Serbs fear new era of mass surveillance

A draft bill in Serbia that would give the green light to mass biometric surveillance but offer increased privacy protection for police has alarmed civil society.

The Serb capital Belgrade has for some time been equipped with thousands of facial recognition cameras, made by the Chinese tech giant Huawei.

In May last year however, a report by the country’s commissioner for personal data protection found that there was no legal basis for use of the cameras, as current laws do not specify what biometric data police can actually collect.

A new bill – set to be introduced by the end of this year – aims to change that, alarming civil society and privacy advocates.

It will offer police the right to identify people based on recordings made by the cameras, with the recordings themselves stored in a database.

Activists claim however that the bill poorly defines how the database will be secured, who will have access, and how sharing between different state institutions will operate.

‘Not compatible with democratic values’

There are social consequences too.

Bojan Perkov from the SHARE Foundation, a digital privacy watchdog, explains that once biometric surveillance technology is introduced into public spaces, they cease to be free.

“It significantly and irreversibly affects not just privacy but other related rights such freedom of speech, freedom of protest, freedom of movement and others. Mass biometric surveillance is not compatible with societies striving to uphold democratic values,” he tells Emerging Europe.

What is especially worrisome, says Ana Toskić of Partners for Democratic Change, an NGO, is the possibility for biometric data systems to be networked not just between state institutions but other actors.

“Such a wide reaching provision opens up sensitive personal data not just to public bodies but also to private players, such as corporations,” she explains. “Citizens completely lose control over their own data [and] the opens up the possibility to profile individuals.”
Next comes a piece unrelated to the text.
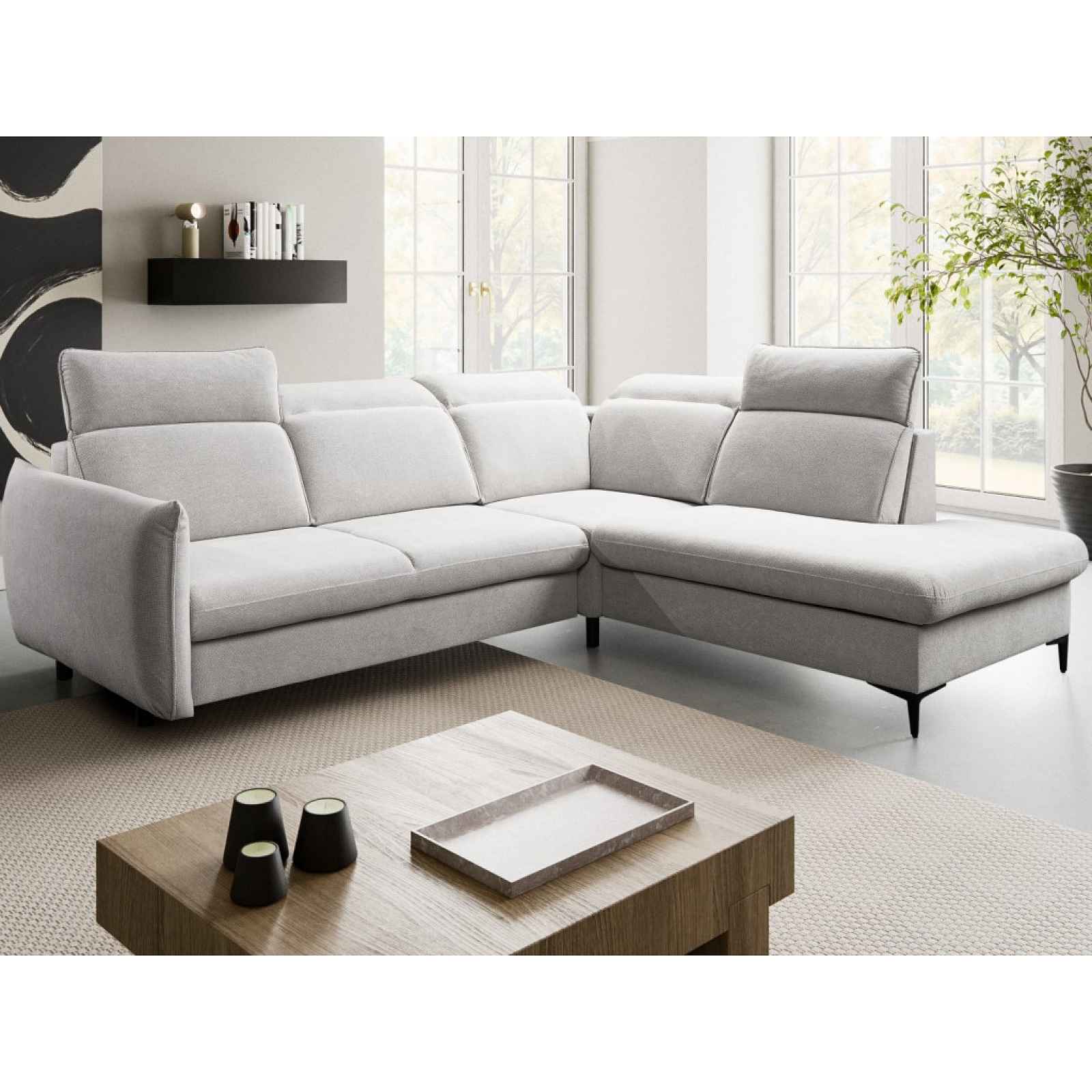 Trendová rohová sedačka s funkcí rozkladu a úložným prostorem má komfortní sezení doplněno polohovatelnými opěrkami, který si můžete libovolně nastavovat. Trendová rohová sedačka s praktickou funkcí rozkladu a úložným prostorem pod otomanem. Komfortní sezení je doplněno polohovatelnými opěrkami, který si můžete libovolně nastavovat podle aktuální potřeby. Moderní členitý design sedačky připomíná na pohled polštáře, které přímo lákají k pohodlnému posezení. Díky vyšší podnoži můžete během úklidu využít například i robotický vysavač. Tato varianta sedačky s otomanem vpravo tvoří pravý roh a je očalouněna jemně strukturovanou látkou v barvě světle šedá, která je příjemně měkká a zároveň odolná. - konstrukce: dřevo, dřevotříska, překližka, kov - jádro: vlnovcové pružiny, polyuretanové pěny, čalounický flís - potah: látka Curio 84 – jemně strukturovaná, příjemně měkká a odolná látka, barva světle šedá (složení: 100% polyester, otěruvzdornost: 60.000 cyklů, speciální vlastnosti: zvýšená voděodolnost – tkanina je potažena speciální ochrannou vrstvou, která vytváří hydrofobní povlak, který chrání před rychlým přechodem tekutin – to zabraňuje okamžité absorpci vody skrz tkaninu, čímž se kapalina kondenzuje na povrchu materiálu, díky tomu máte čas použít měkký hadřík nebo papírový ručník k jemnému odfiltrování rozlité kapaliny) - včetně potažení zadní části (možné umístění i v prostoru) - členitá optika připomínající polštáře - rohový půdorys – pravý roh (otoman umístěn vpravo) - levá boční područka (šířka 15 cm) - sedák: komfortně měkký - opěrák: středně měkký, pohodlný sklon - 5 x široká opěrka zad v horní části opěráku – s polohovatelnou funkcí (nastavení libovolné polohy, opěrky zajistí komfortní opření horní části zad/hlavy a díky možnosti nastavení jejich sklonu si tak můžete přizpůsobit styl sezení podle Vaší individuální potřeby) - celková výška – dle polohy zádové opěrky: 85-99 cm - výška sedu: 44 cm - hloubka sedu: 56 cm - výška opěradla - dle polohy zádové opěrky: cca 45-60 cm - přední nohy: kov, černé, výška 11,5 cm/zadní nohy: plast, černé - funkce rozkladu na příležitostné lůžko: plocha 123x200 cm (výsuvný typ rozkladu, konstrukce kov/dřevo, na kolečkách pro snazší manipulaci, látkové madlo, plocha lůžka potažena látkou) - úložný prostor (pod otomanem, vyklápěcí kovová konstrukce) - moderní trendy design - dodáváno v částečném demontu

In the draft bill, the use of biometric data is limited to identifying people who have committed a crime, are the subject of a warrant, or those for whom there is “probable cause”.

But potential abuse and unauthorised access remain a concern.

“We are witnessing often large security breaches when it comes to information systems in the hands of the state, as well as surveillance camera leaks,” Perkov says.

Analysts also say public debate of the bill has been too short, at just 20 days – the minimum legal requirement.

“We feel that the period allowed for public debate was exceedingly short, taking into account that the draft entails numerous points that will, if they stay unchanged, endanger the rights of citizens and their safety and diminish the transparency of police work,” explains Sanja Radivojević, criminal justice programme legal counsellor at the Belgrade Centre for Human Rights.

One rule for citizens, another for police

Furthermore, while Serbia is gearing up for mass “smart” surveillance of ordinary citizens, the new law bans the public from identifying police personnel, effectively making the recording of police – including abuses – illegal.

Additionally, if the law passes, police will no longer need to display their names on their uniforms. Instead, they will be identified with a series of letters and numbers. Currently, all police in Serbia have their last names on their uniforms and are required by law to present official identification if citizens request it.

“While in developed democratic states there is tendency to record police with video surveillance attached to the uniforms of personnel, a strong guarantee that any police measures will be executed legally (and a guarantee that in the case of abuse there will be evidence that can be used in a complaint), the new law entails a ban and a charge for any citizen attempting to record police action they are witnessing,” Radivojević explains.

Journalists have also criticised this provision, noting such a high standard of privacy protection for police may make it very hard or even impossible to report on events involving the police.

In essence, the new law represents a deepening of the power asymmetry between citizens and police. Mass surveillance on one side, while the police themselves will enjoy an increased right to privacy.

“When asymmetry comes to the level that citizens can be punished for filming the police doing their jobs in the same public spaces that are dotted with thousands of cameras, there is a serious danger of a complete lack of control over the use of coercive measures and the intrusion into the privacy of citizens,” concludes Perkov.